We hit the Pete with less than 25 to 30 feet of viz, and AJ's everywhere! I shot a bigone through the top of the head, and obviously missed the brain as it kicked my a$$, and tore off.:doh So we kicked around and checked everything out watched fish all over the place, and saw the resident Bull Shark swimming circles around the wreck! Paul stuck a Flounder, and he and I cruised around enjoying the sights! I ended up doing 11 minutes on the line, because of deco obligations, and was worn out from fighting a healthy topside current! Overall, it was a beautiful day other than being bumpy!

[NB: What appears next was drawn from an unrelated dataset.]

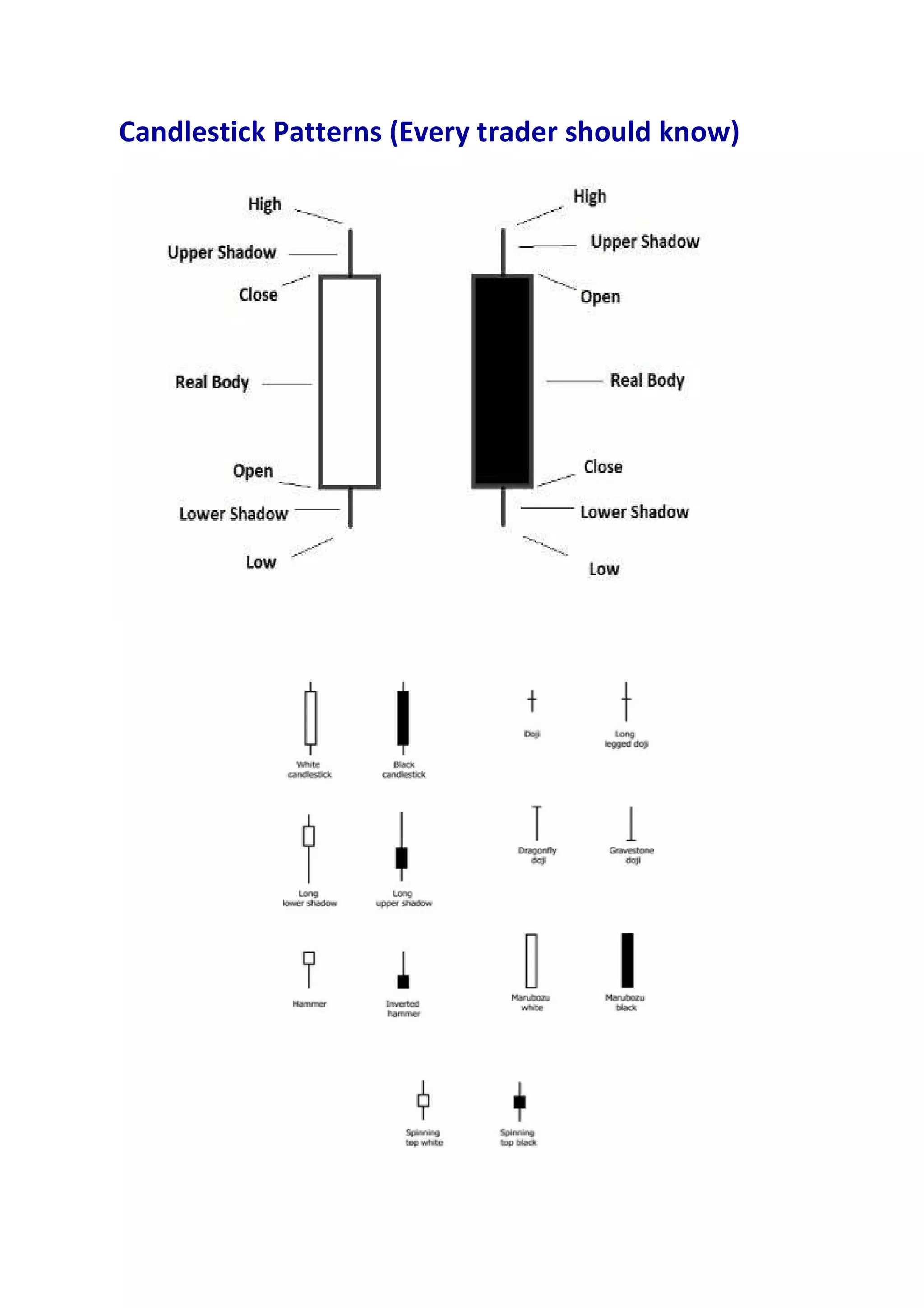 This document discusses various candlestick patterns that traders should be aware of, including doji patterns like the doji star and long-legged doji, and reversal patterns like the gravestone doji, hammer, and hanging man. It provides examples and describes the conditions that indicate each pattern, such as large upper shadows or gaps between candlesticks. Candlestick patterns can signal changes in market momentum and potential trend reversals.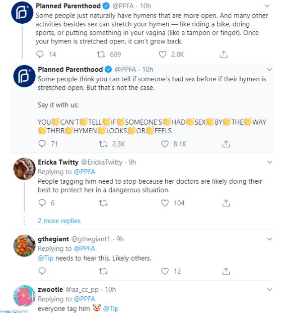 T.I.'s revelation generated outrage and Planned Parenthood weighed in on it by explaining what virginity is and how "it has absolutely nothing to do with your hymen.

I also wanted to let you guys know, if you want to inshore or offshore charter fish (hook and line) check out my good friend, Captain Jon Pinney, Water Hazard Charters, he will do you right!

CHEERS ALL!


----------



## Florabama (Oct 19, 2007)

I'm really starting to hate youandFrodo andGill and Boitnotttoo (although I still love Lauren) :letsdrink


----------



## TONER (Mar 25, 2008)

Great report and pics Mickey I hope the forcast is right for friday I think we are going to Destin I will post a report if we do Chad


----------



## Telum Pisces (Sep 27, 2007)

Great report guys. I am itching to get back in the water bad. I just want to say screw this messed up wrist and go. But then I'll just screw myself up further.:banghead:banghead


----------



## HateCheese (Oct 2, 2007)

Nice looking grouper. Wow, temps in the high 70s - it is finally coming around.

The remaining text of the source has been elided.